Before you decide to redecorate your classroom with psychosis-inducing yellow wallpaper, try our teaching guide instead. And no, we don't mean print it out and tape it to the walls.

In this guide you will find

  • an activity psychoanalyzing the author and her characters.
  • modern pop culture connections including three film versions (one of which stars Drusilla from Buffy the Vampire Slayer—you're welcome).
  • essay questions exploring every aspect of the story, from the relationship between the narrator and her husband to that ending (you know the one).

Shmoop will make sure you're not pacing around the room like a mad-person trying to teach this story.

What's Inside Shmoop's Literature Teaching Guides

Shmoop is a labor of love from folks who love to teach.

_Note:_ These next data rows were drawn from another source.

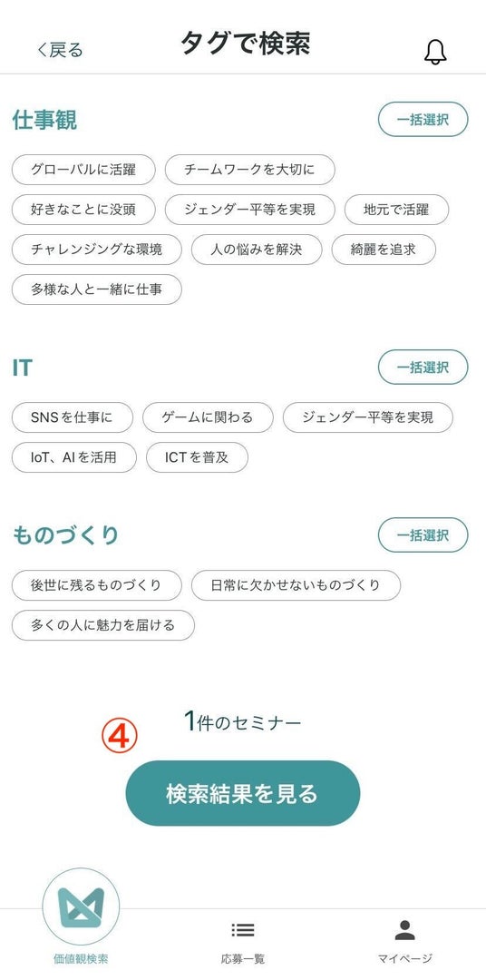 4.画面下部の検索結果を見るをタップし選択したタグを確認し申し込み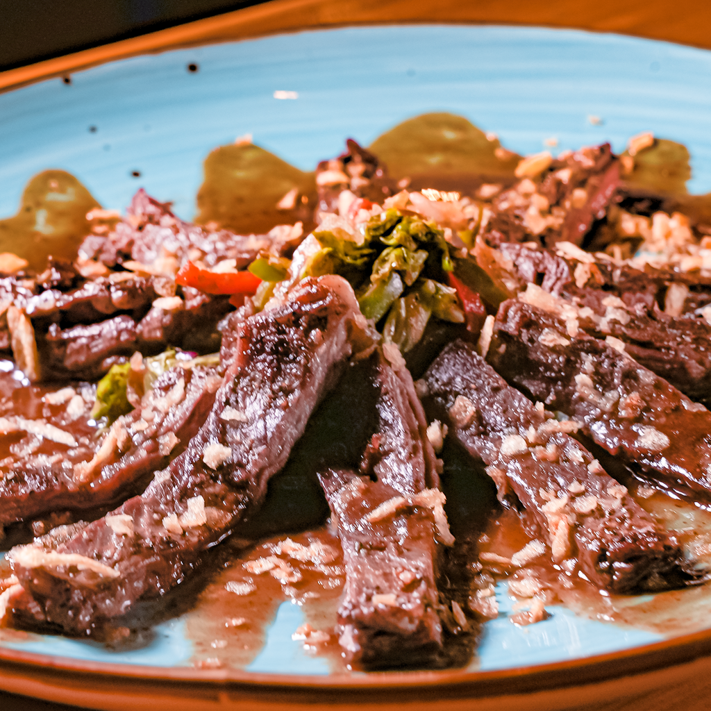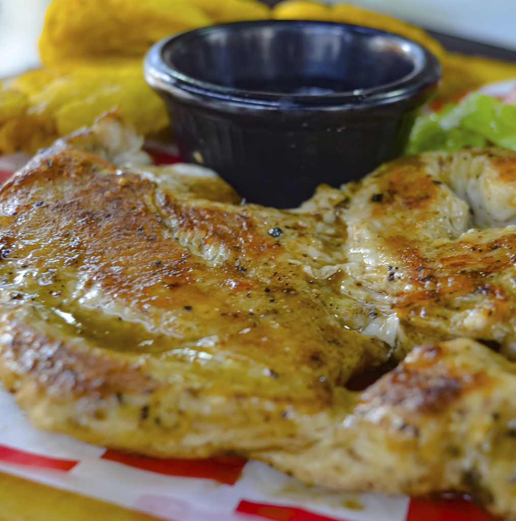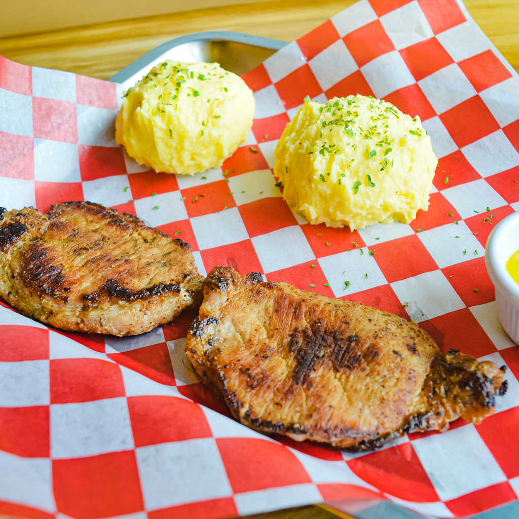 12 oz de lomo de cerdo con salsa chimichurri acompañado de tostones, puré de papa o papas fritas.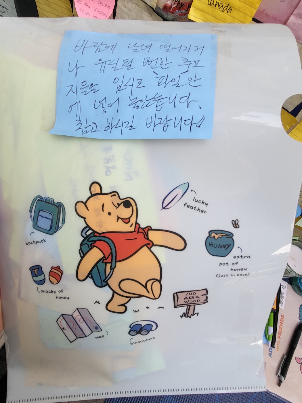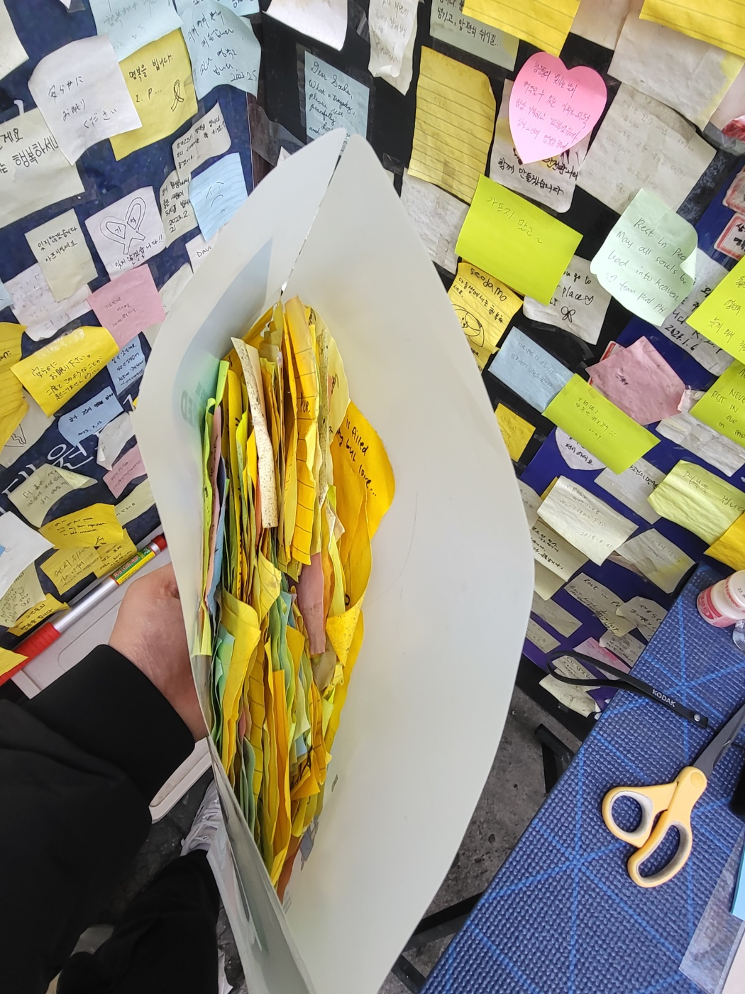 떨어진 포스트잇을 담은 파일철에 '바람에 날려 유실될 뻔한 추모지들을 임시로 파일 안에 넣어놨습니다. 참고하시길 바랍니다'라는 문구가 써져있다. 출처=위즈경제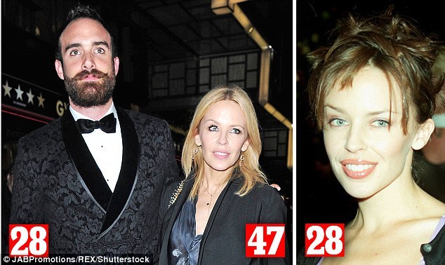 47-летняя Кайли Миноуг со своим 28-летним женихом Джошуа Зассе сейчас и в возрасте 28 лет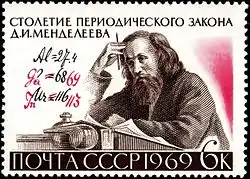 Дмитро́ Іва́нович Менделє́єв (рос. Дмитрий Иванович Менделеев; 27 січня (8 лютого) 1834, Тобольськ — 20 січня (2 лютого) 1907, Санкт-Петербург) — російський хімік, один з авторів періодичної таблиці хімічних елементів. У 1882 році Лондонське королівське товариство присудило золоті медалі Деві з формулюванням «За відкриття періодичних співвідношень атомних ваг» спільно Менделєєву й німецькому хіміку Лотару Юліусу Маєру.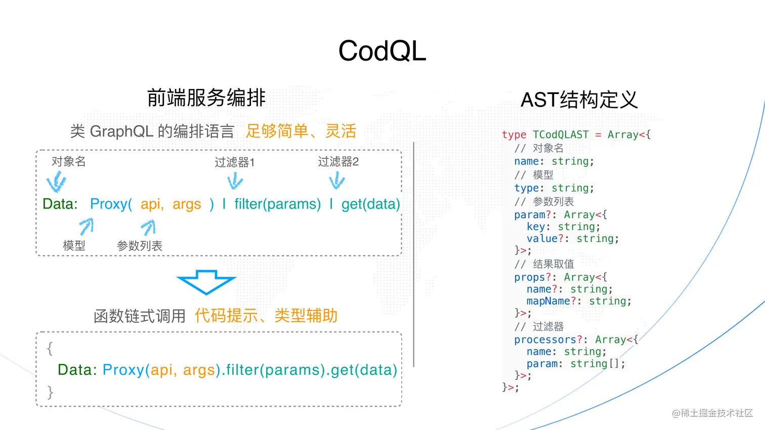 介绍完 BFF 端的执行插件,向大家介绍一下前端的编排语法 CodQL,一开始我们是借鉴 GraphQL 设计的编排语言,大家可以看一下,就是一个字符串的入参。先是 Data 对象名,后面的语句运行完便赋值给 Data,然后返回给前端。后面 Proxy 就是模型,然后传入参数,在后面便是过滤器,filter() 和 get(),根据前面 API 接口返回值进行二次加工。当然过滤器是支持使用的同学自定义拓展的,还可以进行金额的标准化、脱敏等等操作。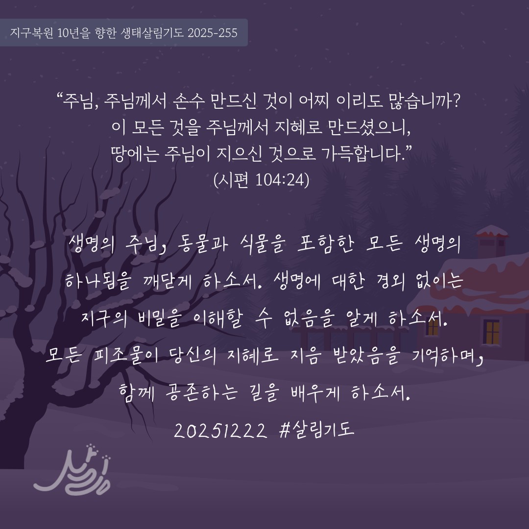 | 지구복원 10년을 향한 생태살림기도_2025년12월2주 (0) | 2025.12.07 |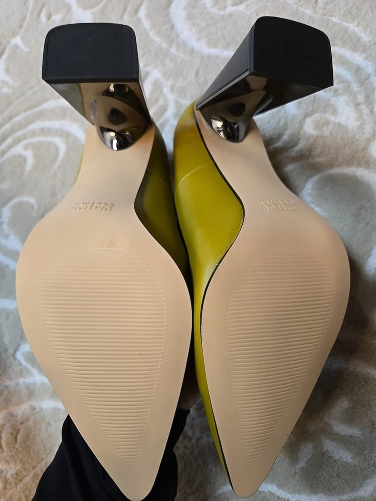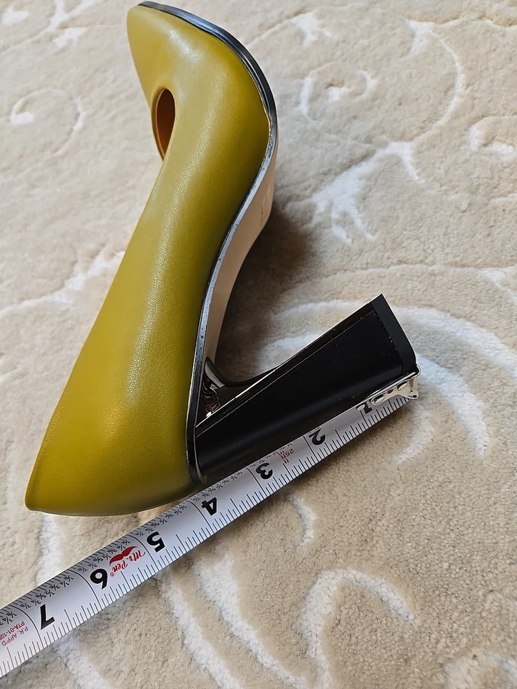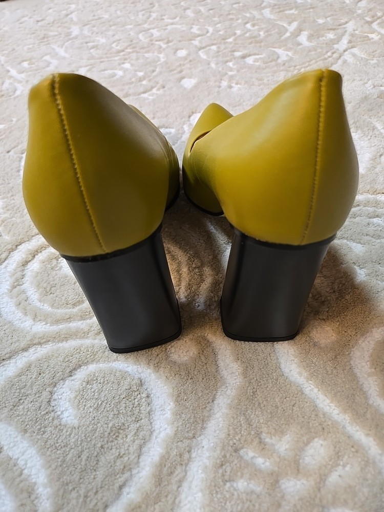 Add a touch of sophistication to your outfit with these stylish Guavaivy pointed toe heels. The olive green color and slip-on closure make them perfect for both business and party occasions. The high block heel is both comfortable and chic, with a rubber outsole for added support. These size 9.5 pumps are made of synthetic upper material and have a standard shoe width. They are suitable for all seasons, including winter, summer, fall, and spring. Don't miss out on this timeless addition to your shoe collection! New Without Box 3.75" heel Please see photos for measurements and details :)

Our teaching guides will help you supplement in-classroom learning with fun, engaging, and relatable learning materials that bring literature to life.

Inside each guide you'll find quizzes, activity ideas, discussion questions, and more—all written by experts and designed to save you time. Here are the deets on what you get with your teaching guide:

  • 13-18 Common Core-aligned activities to complete in class with your students, including detailed instructions for you and your students. 
  • Discussion and essay questions for all levels of students.
  • Reading quizzes for every chapter, act, or part of the text.
  • Resources to help make the book feel more relevant to your 21st-century students.
  • A note from Shmoop's teachers to you, telling you what to expect from teaching the text and how you can overcome the hurdles.

Instructions for You

Objective: Charlotte Perkins Gilman's famous Gothic short story "The Yellow Wallpaperhas been adapted to film many times over the years—in 1977, 1989, 2011, and 2012. 

In this activity, your students will compare the story to a film adaptation in order to analyze the differences and similarities in the development of characters or themes across different media. Then, they'll use their analyses to write a comparative, analytical essay that grapples with the complexities of the novel and the film.

Length of Lesson: 1 – 2 class periods + homework 

Materials Needed:

Access to one of the following film adaptations of "The Yellow Wallpaper"—you'll need to decide which film or clips you want to use in advance of class. If you are using the 1977 or 2011 film, you'll need to procure a copy from your local video store, library, or online service. The 1989 film is available online.

  • 1977 film by Marie Ashton (14 minutes)
  • 1989 Masterpiece Theater Adaptation (1 hour. This one is available online in 7 parts; part 2 features the beginning of her rest cure and the first time she notices the wallpaper.)
  • 2011 film by Stuart Hackshaw (30 minutes. This one has a horror-movie feel to it and may be too intense to show in class)
  • 4 sheets of chart paper & 4 markers

Step 1A (before class): To save time, write one of the following questions on each of the 4 sheets of chart paper and post them around the room:

  • How is the narrator portrayed (i.e., what does she look and act like)?
  • What do the house and the bedroom look like?
  • How are the other characters (if any) portrayed?
  • What is the mood/tone of the film/story?

Write the question at the top of the page, and draw a T-chart below the question. Label one column of the T-chart "film" and the other "story."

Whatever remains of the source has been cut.